KitchenCI + Ansible for Windows and Linux

My colleague wrote a great blog about locally testing Ansible roles using KitchenCI . A very fast and simple tool consisting of ruby ​​gems available on every OS, which also works with different testing tools (for example, Serverspec and Pester). A colleague developed this solution for the needs of his projects (provision and deploy exclusively for Windows), which at first glance became a problem, because:

  • I love Ansible too
  • I need Ansible to manage Linux
  • I don’t want to create another repository on GitHub for separate testing of Linux roles, because I don’t want to produce entities (Occam's razor is everything)

Who cares what happened next, please, under the cat.

After a short discussion, we agreed that I would adapt his tool to both environments, and the end user of the tool (whether an engineer or a developer) will be able to use all its components or only part. But first, a brief description of what works now.

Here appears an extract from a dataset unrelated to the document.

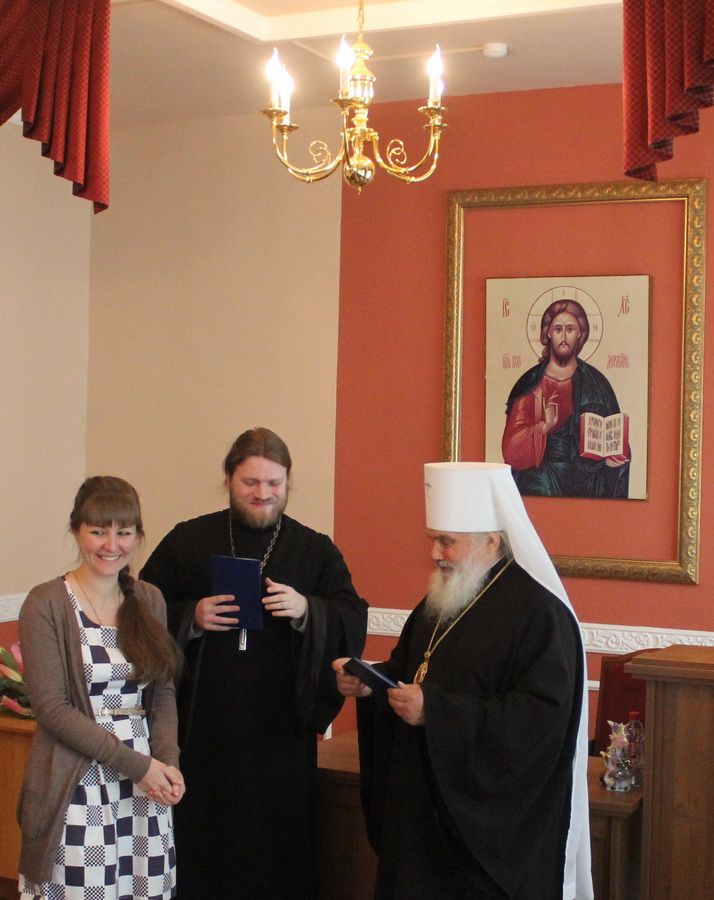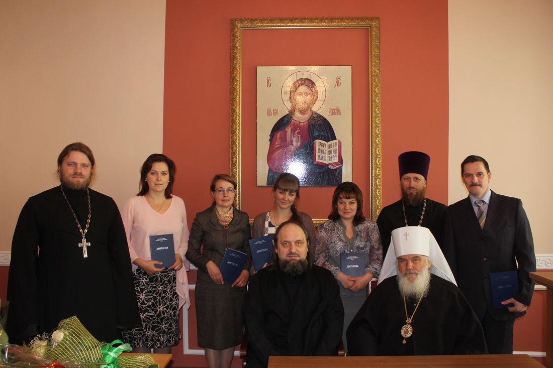 Дипломы были вручены студентам вечернего и заочного отделений, получавшим второе высшее образование. После двух лет обучения остались самые стойкие – дипломы получили восемь выпускников. Среди них протоиерей Андрей Метелёв, клирик храма в честь святых равноапостольных Кирилла и Мефодия, руководитель епархиальной комиссии по вопросам семьи, защиты материнства и детства и Светлана Николаевна Брижак специалист епархиального отдела образования, руководитель просветительского Центра «Слово истины».

And now we have the standard Ansible role, in a separate directory there is the kitchen, in which the Pester tests are located to test WinServer's configuration and configure, in fact, the kitchen itself. in the .kitchen file there are 2 configurations for Vagrant boxes (Ansible + Winserver), deployment scripts and test paths. Who cares, the source is here .

For 4 teams in the kitchen directory, our testing will pass from start to finish.

  • kitchen create - create our local virtual infrastructure
  • kitchen converge - apply ansible roles
  • kitchen verifiy - apply test suite from verifier
  • kitchen destroy - will clean up after itself.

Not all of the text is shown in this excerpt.